Thamon uses a mixture of leaf leather and cork leather to create their bags and each one is elegantly designed to be as durable as they are beautiful. We have also added Tree Tribe's beautiful and unique leaf leather bags to our collection, who work with artisans all over the world and plant 10 trees with every purchase.
Pinatex is made from pineapple leaves. The pineapple leaves are stripped into fine fibres through a process called decortication. These fibres are converted into a 'mesh' like material and then go through a manufacturing process. According to Ahimsa Collective, the production of Pinatex has an incredibly positive environmental impact because “'biomass' is produced in the decortication process. This 'bio-mass' can then be converted into organic fertilizer or biogas and sold. Therefore, both the extraction of the fibres and the production of biomass can provide additional revenue streams to pineapple farming communities.”

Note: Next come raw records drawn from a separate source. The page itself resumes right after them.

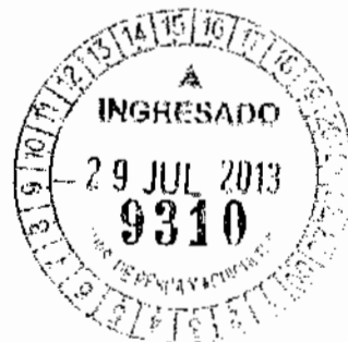
RICARDO PROVOSTE ACEVEDO Contralor Regional Valparaíso CONTRALORÍA GENERAL DE LA REPÚBLICA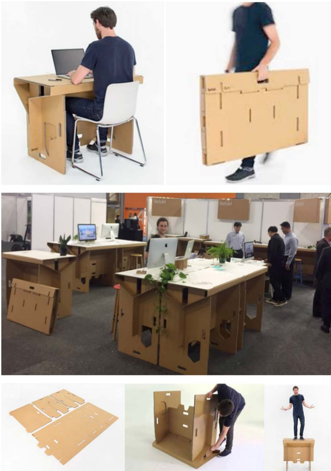
IMATGE B. Fotografies de l'escriptori Refold, dissenyat per Fraser Callaway, Oliver Ward i Matt Innes (Nova Zelanda)

En la imatge B podem observar fotografies de l'escriptori de cartró ondulat Refold. L'escriptori és 100 % reciclable i fàcil de transportar, ja que es pot plegar, i es munta en dos minuts. Segons els dissenyadors, aquestes característiques poden contribuir a canviar la manera com treballem.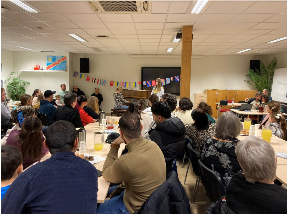
Åpent hus arrangement hos Lyngdal Røde Kors kalt «Velkommen skal du være.»

Lokalforeningene Arendal og Kristiansand tilbyr aktiviteten Flyktingguide for bosatte flyktninger i sin kommune. Aktiviteten sikter mot å bidra til nettverksbygging, norsktrening og bedre kjennskap til norsk kultur og normer, gjennom å koble en flyktning som er blitt bosatt med en frivillige basert på felles interesser, alder og livssituasjon.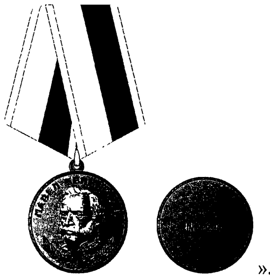
РИСУНОК медали Павла Мельникова

11) приложение № 2 к Положению о медали Павла Мельникова исключить.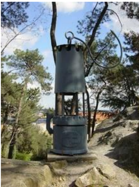
Lamp de Mineur

Pinatex is durable, breathable, light and flexible, making it a great natural alternative to leather that has an incredibly small environmental footprint because pineapple leaves are currently just a waste product. It blows my mind that we are still creating new processes and fabrics every year that are able to make our world more sustainable, while looking gorgeous!
Strange as it may sound, there is a type of washable paper that is used as a leather alternative. Jacron paper is a craft paper mainly used for jean badges. It is durable enough for everyday wear and doesn’t fall apart in water unlike most paper varieties. This is still relatively new to the market as a complete product, but has proven to be a strong material, and a great vegan contender to leather.
Bare Instinct has also produced paper-based products from a material known as Washable Paper. Washable paper is made from cellulose fibre that comes from wood. Each bag is also fully lined with high-quality hemp and organic cotton denim fabric.
The cactus leather you will find on Velvety is from a wonderful New Zealand based business called Velvet Heartbeat.
Their cactus leather comes from a ranch in Mexico that uses mature cactus leaves to process into leather. This means none of the cactus are completely cut down, and there is a new harvest every 6-8 months. The mature leaves are then dried under the sun for three days, avoiding the use of any extra energy to assist the drying process. As if that wasn't enough to love, any remaining organic cactus material is exported and sold into the food industry, which is a great example of how natural and safe their product and process is, plus a wonderful way to minimise waste.
Rubber is an extremely versatile material used for a plethora of products including car tires, washing up gloves, gumboots, elastic bands and, well, rubbers. While you can get synthetic rubber (usually neoprene) natural rubber is made from latex, a runny white liquid that is found inside certain plants and trees. Rubber is strong, stretchy, flexible (elastic), durable, and waterproof, plus it can be made soft or hard making it useful for a huge range of objects.
Upcycled Byron Bay uses recycled inner tubes to create a sustainable range of bags that are beautiful, tough, and make use of a great material that was otherwise going to waste. They also made beautiful and intricate jewelry from innertubes. I love that the same waste material can have a second life as creating such different, useful, and beautiful products!
For a long time, I thought that ‘vegan leather’ was just a fancy way of saying ‘plastic leather’. But now, there are so many natural products to use instead that I believe there is a style out there to suit everyone.
Which leather alternative is your favourite?